Resource_List.mem = 128mb
Resource_List.ncpus = 2
...
Submit_arguments = -W group_list=GENERAL -N job.pbs -l select=1:ncpus=2:mem=128mb job.pbs.YOOu3lB
project = _pbs_project_default
[z1234567@katana2 src]$ qalter -l select=1:ncpus=4:mem=512mb 315259; qstat -f 315259
Job Id: 315259.kman.restech.unsw.edu.au
...
Resource_List.mem = 512mb
Resource_List.ncpus = 4
...
Submit_arguments = -W group_list=GENERAL -N job.pbs -l select=1:ncpus=2:mem=128mb job.pbs.YOOu3lB
project = _pbs_project_default
Tips for using PBS and Katana effectively¶
Keep your jobs under 12 hours if possible¶
If you request more than 12 hours of WALLTIME
then you can only use the nodes bought by your school or research group. Keeping your job’s run time request under 12 hours means that it can run on any node in the cluster.
Important
Two 10 hour jobs will probably finish sooner that one 20 hour job.

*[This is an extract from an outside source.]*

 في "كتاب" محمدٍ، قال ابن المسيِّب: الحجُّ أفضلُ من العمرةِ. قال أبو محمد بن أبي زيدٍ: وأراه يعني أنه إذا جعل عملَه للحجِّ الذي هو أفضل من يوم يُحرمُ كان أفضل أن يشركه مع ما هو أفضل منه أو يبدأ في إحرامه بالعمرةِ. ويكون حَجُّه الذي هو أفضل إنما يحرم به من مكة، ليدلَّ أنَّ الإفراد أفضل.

In fact, if there is spare capacity on Katana, which there is most of the time, six 10 hours jobs will finish before a single 20 hour job will. Requesting more resources for your job decreases the places that the job can run
The most obvious example is going over the 12 hour limit which limits the number of compute nodes that your job can run on. For example specifying the CPU in your job script restricts you to the nodes with that CPU. A job that requests 20Gb will run on a 128Gb node with a 100Gb job already running but a 30Gb job will not be able to.

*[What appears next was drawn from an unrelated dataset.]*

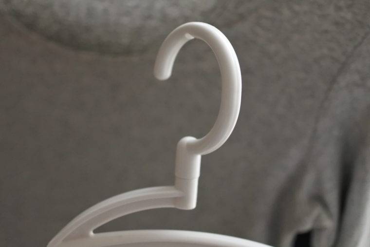 ハンガーのフックは360度動くので、室内のちょっとした場所にかけやすくて便利です。

Running your jobs interactively makes it hard to manage multiple concurrent jobs¶
If you are currently only running jobs interactively then you should move to batch jobs which allow you to submit more jobs which then start, run and finish automatically. If you have multiple batch jobs that are almost identical then you should consider using array jobs
If your batch jobs are the same except for a change in file name or another variable then you should have a look at using array jobs.